Where a picture shows up in the listing below, omit it and output the rest exactly.

RECORDED DATA:

-- Opening Marker --

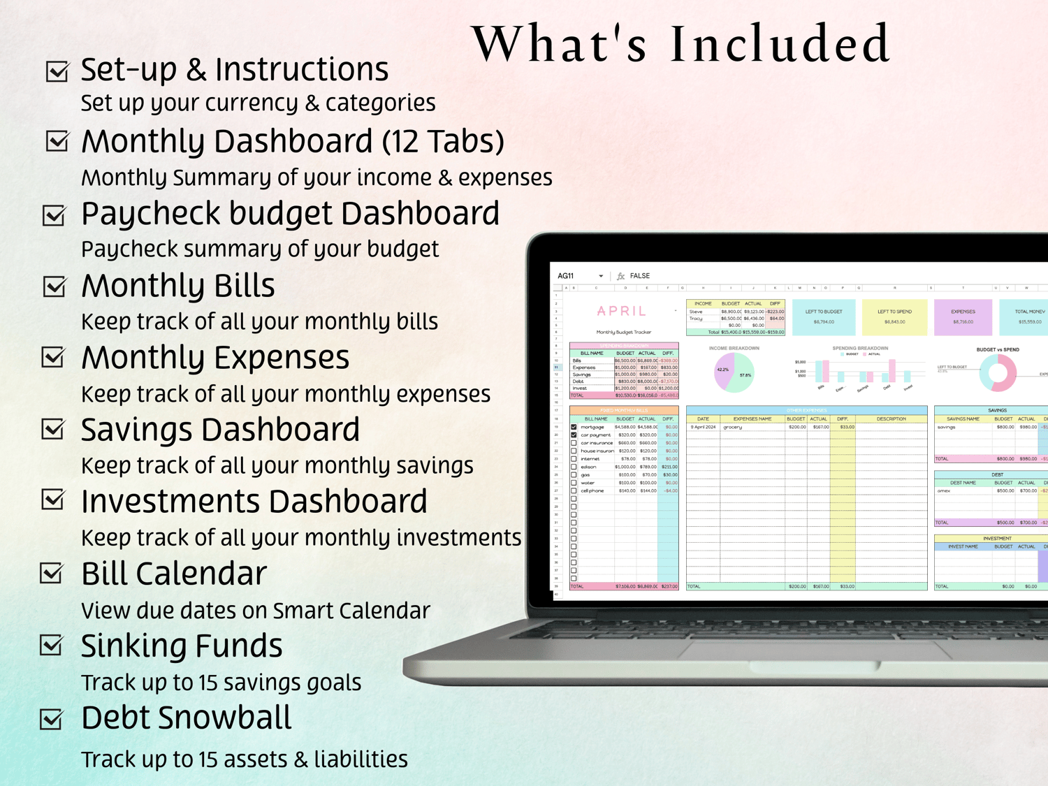 - Fully customizable: Tailor categories and sections to fit your specific financial needs
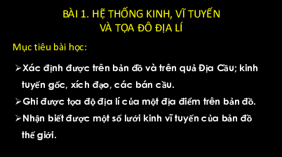 BÀI 1. HỆ THỐNG KINH, VĨ TUYẾN VÀ TỌA ĐÔ ĐỊA LÍ Mục tiêu bài học:
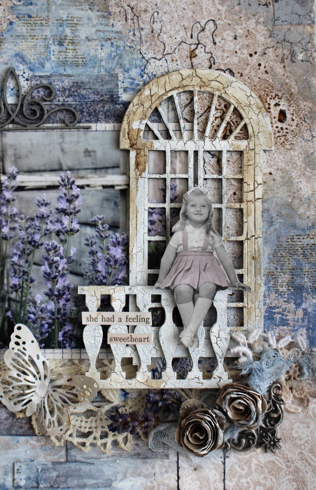 Welcome to this wonderful blog, I made a very colorful layout to show you today and I have used all these gorgeous chippies by 2Crafty Chipboard. This layout was build with lots of layers and I have used two Maja Design collections to do so. The beautiful fine corner florals is treated with white gesso & embossing powder, I wanted it to pop of my page. The clock face I firstly applied gesso on and then some rust paste & and aqua acrylic paints an waxes. On the word “march” I sprayed with some purple lindy’s and then I applied some matte wax.

-- Closing Marker --

ANSWER SPACE:
 - Fully customizable: Tailor categories and sections to fit your specific financial needs
 BÀI 1. HỆ THỐNG KINH, VĨ TUYẾN VÀ TỌA ĐÔ ĐỊA LÍ Mục tiêu bài học:
 Welcome to this wonderful blog, I made a very colorful layout to show you today and I have used all these gorgeous chippies by 2Crafty Chipboard. This layout was build with lots of layers and I have used two Maja Design collections to do so. The beautiful fine corner florals is treated with white gesso & embossing powder, I wanted it to pop of my page. The clock face I firstly applied gesso on and then some rust paste & and aqua acrylic paints an waxes. On the word “march” I sprayed with some purple lindy’s and then I applied some matte wax.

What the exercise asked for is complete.